Of course, if anyone listened to me, I’d be eternally damned. The reality of such a program would be corrupt, inefficient, possibly even predatory, by the time the ‘serious’ people got hold of it. But if it was done nicely, people would actually benefit from it—and so would the country as a whole. Still, we have the Soviet Union as the ultimate example of a good idea that became a genocidal crime against humanity—so perhaps I should just shut up about camps for kids.

Hurry Spring   (2017Feb21)


Tuesday, February 21, 2017                                             4:06 PM

Well, today settles it—I get maudlin towards the end of Winter. I start writing poems, I start playing piano in a minor key, I write bitter diatribes with far more than my usual cynicism. My taste in music gets a little weepy, a little dirge-y—I read more than watch TV. It’s a whole ‘Spring-better-show-up-soon’ depression-fest.

Also, I tend to write a lot more personal stuff—half of what I write this time of year is either too personal or too depressing to post—and I go on and on about stuff that I’m pretty sure isn’t driving the throngs to my blog—but that’s February for me. I’m fading fast—and I need some sunshine.

Well, things have settled down a bit—I’m used to either rooting for a Democrat administration, or I’m worrying about the one, really-big mistake that a GOP administration is currently making—I’m not used to purely dysfunctional—that’s a new one on me—and, I suspect, on all of you as well. But normalization is inevitable—short of storming Penn Ave, we’re stuck with the Clown until 2020—and the more avidly we stare, waiting for an impeachable offense, the less likely one is—‘a watched pot…’ and all that.

I’m still getting used to an America that is not actively trying to exceed itself—I’ll miss that forever, or until it returns, whichever comes first. Never before has a candidate won an election with a message of despair. “Make America great again”—I’d like to punch that fucker right in the mouth—the only thing that isn’t great about America is your benighted ass, you fucker, and the cowering, feebleminded jerks who voted for your sick agenda.

But let’s not get ourselves all worked up, every damn day, over the same old tragedy. What’s done is done. The odds on Trump sitting his whole term are long—one definite drawback to not knowing what you’re doing: you don’t know the rules. And while Trump may rubber-stamp some of the GOP’s worst legislation, they will find it hard to actually work with him—everyone does.

Fortunately for the Republicans, their platform was already custom-tailored for wealthy bastards with no public conscience—but they will inevitably try to mollify their base with something—and that’s where they and Trump will part ways. Trump’s penchant for blaming the establishment will ring rather hollow in 2020, after four years of being the establishment, so it’s hard to see him pull this off a second time—unless he actually does something.

But like most of his kind, Trump’s greatest ally would be military strife—even Bush-43 looked more dignified with Americans dying all over the place.
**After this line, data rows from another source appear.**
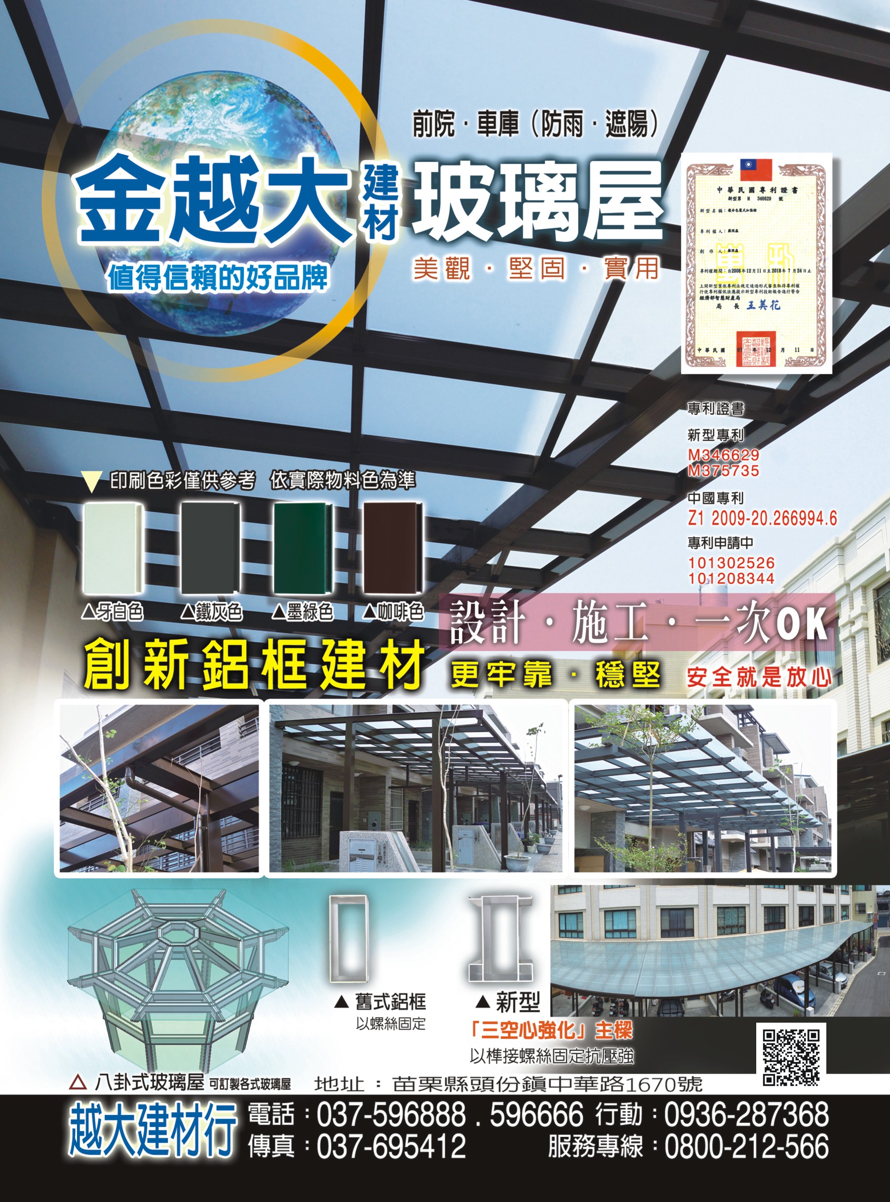 玻璃屋、玻璃採光罩、鋁框建材、鋁料買賣、台灣參普玻璃屋、金屬門窗、鍛造門窗、防盜窗、防盜門、鋁門窗、隔音窗、隔音門、格子窗、凸窗、氣密窗、百葉窗、推射窗、景觀窗、玻璃採光罩、鍛造採光罩、三合一通風門、紗門、大同隔音窗原廠授權、金加州代理、淋浴拉門代理、苗栗玻璃屋、苗栗蓋玻璃屋、苗栗隔音窗、苗栗採光罩、苗栗安全大門、苗栗氣密窗、苗栗鍛造門、千盟鍛造門、台灣心窗代理、創新鋁框建材、八卦式玻璃屋、訂製各式玻璃屋、蓋玻璃屋、採光罩、雨遮、安全大門、鋁框、越大、金越大建材玻璃屋、特殊金屬、牙白色鋁框、鐵灰色鋁框、墨綠色鋁框、咖啡色鋁框、車庫採光罩、前院採光罩、客製化玻璃屋
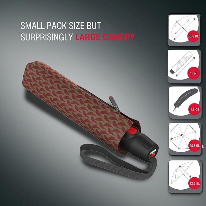 Knirps T.200 Duomatic Compact Rain Umbrella in Elemental Cinnamon – Wind Tunnel Tested to 93 mph, Aluminum Steel Fiberglass Frame, 38in Canopy, OEKO-TEX, High-Performance Automatic Travel Umbrellas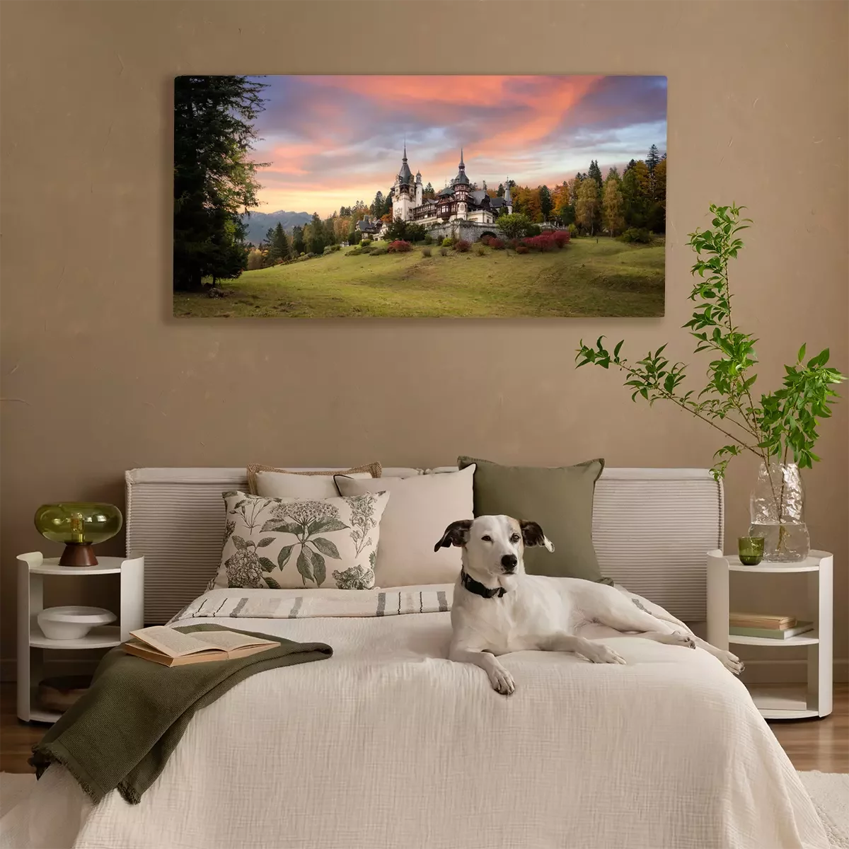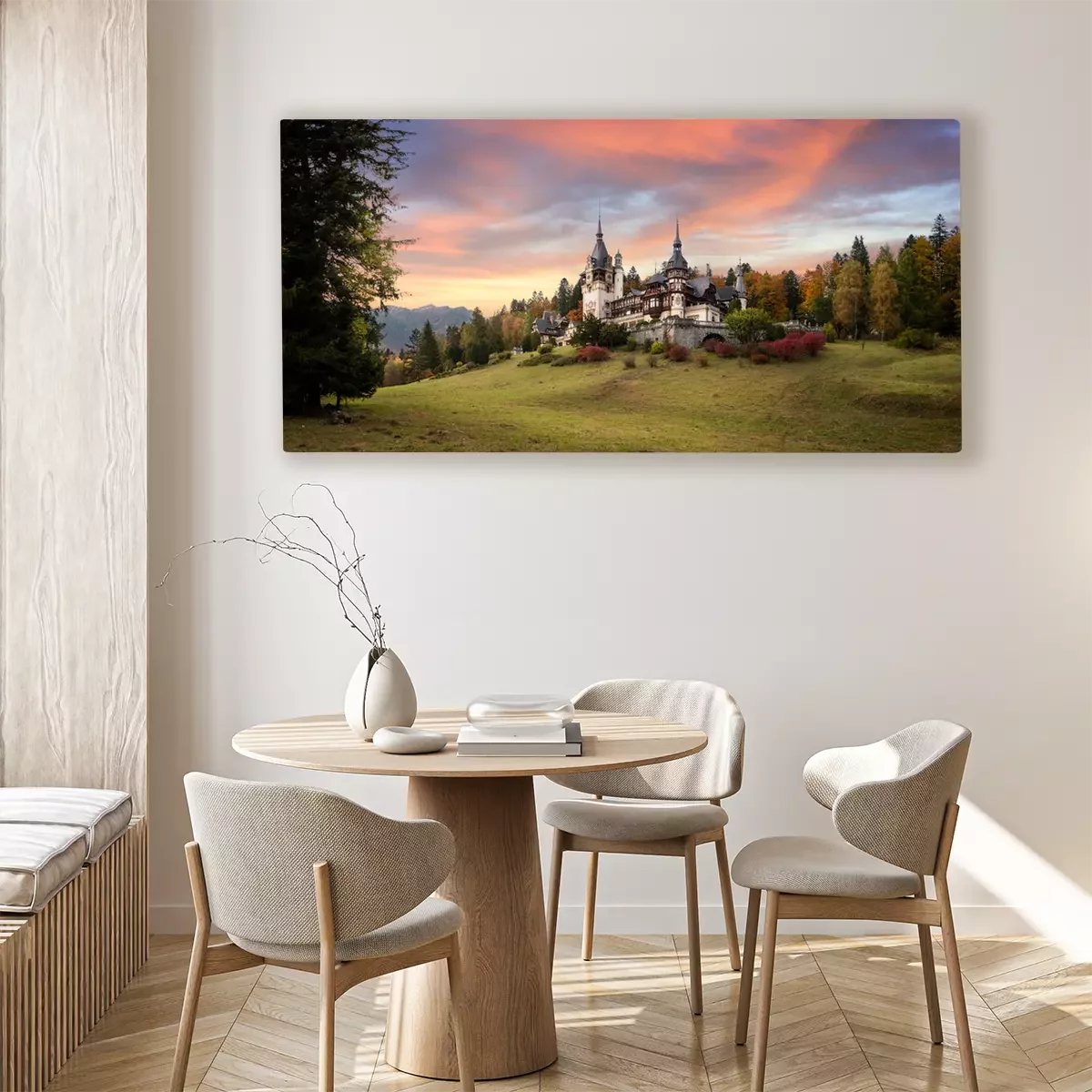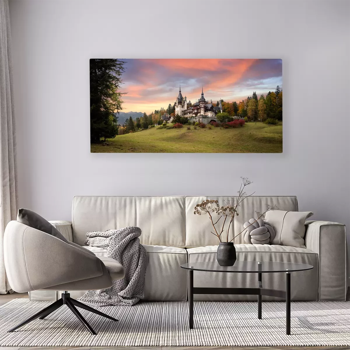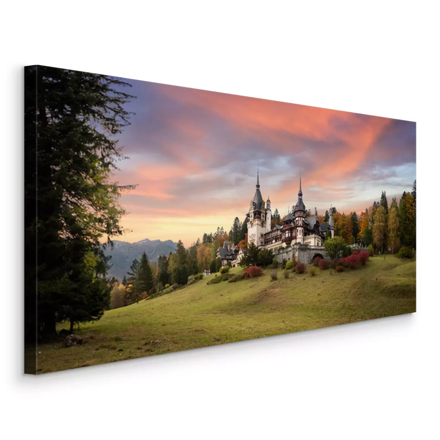 Canvas Panorama of Peles Castle, Romania. Beautiful famous royal castle and ornamental garden in Sinaia landmark of Carpathian Mountains in Europe at sunset. Former Home Of The Romanian Royal Family.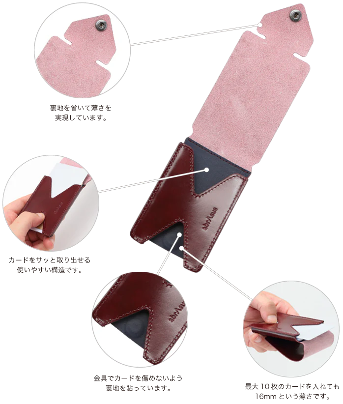 「薄い財布 abrAsus(アブラサス)」とベストマッチのカードケース「薄いカードケース」。薄い財布に入りきらないカード類を持ち運ぶための、セカンドカードケースです。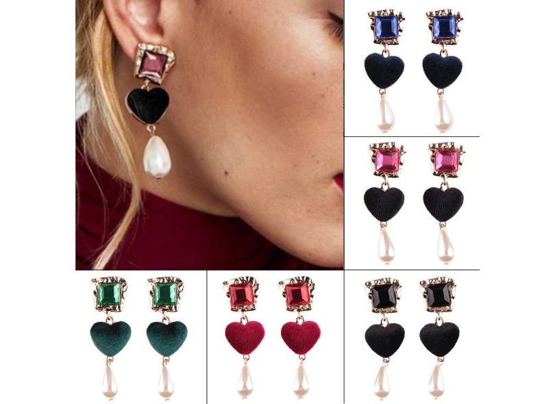 Declaração mulheres Simulado Pérola Brincos Coração Ear Drops Forma Dangle Brincos-G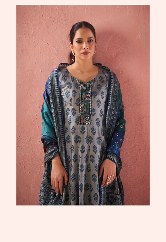 Regular price Rs. 7,995.00Regular priceUnit price / perSale price Rs. 7,995.00Radiate serene elegance with Moonstone Grace, a mesmerizing Anarkali dress inspired by the soft shimmer and timeless beauty of moonlight. Crafted from premium Muslin fabric, this exquisite ensemble features delicate hand embroideryand refined digital prints, coming together in a soothing palette reminiscent of moonstone hues. Perfect for intimate celebrations, festive evenings, and occasions where subtle sophistication is key.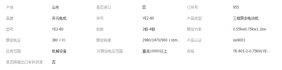 本网页所展示的有关【2极4极山东开元电机YE2三相异步电动机0.55kw0.75kw1.1kw铜线电机_直流电机_佛山市栋一机电有限公司】的信息/图片/参数等由全球零部件网的会员【佛山市栋一机电有限公司】提供,由全球零部件网会员【佛山市栋一机电有限公司】自行对信息/图片/参数等的真实性、准确性和合法性负责,本平台(本网站)仅提供展示服务,请谨慎交易,因交易而产生的法律关系及法律纠纷由您自行协商解决,本平台(本网站)对此不承担任何责任。您在本网页可以浏览【2极4极山东开元电机YE2三相异步电动机0.55kw0.75kw1.1kw铜线电机_直流电机_佛山市栋一机电有限公司】有关的信息/图片/价格等及提供【2极4极山东开元电机YE2三相异步电动机0.55kw0.75kw1.1kw铜线电机_直流电机_佛山市栋一机电有限公司】的商家公司简介、江南(中国)等信息。

Thus, it isn’t that I don’t want Trump to do anything—it’s that I’m afraid his ‘anything’ has some dark options waiting. Improving education, creating jobs, fixing our infrastructure—these would all be laudable accomplishments—if Trump can improve anything on such fronts, I’ll be glad to reevaluate—but I’m not going to hold my breath.

As much as I look forward to the coming of Spring, it will be all the more bitter for being a time of rebirth in an new age of tyranny—for 2017, T. S. Eliot will have got it right: “April is the cruelest month….

Today’s poem and videos all contain cannibalized artwork from my one and only book of illustrated poetry, “Bearly Bliss”. It may seem ironic that my hand-tremors make me unable to draw, yet I still try to play the piano with the same hands—this is because I’m used to sucking at the piano, whereas I was once pretty good with a pen.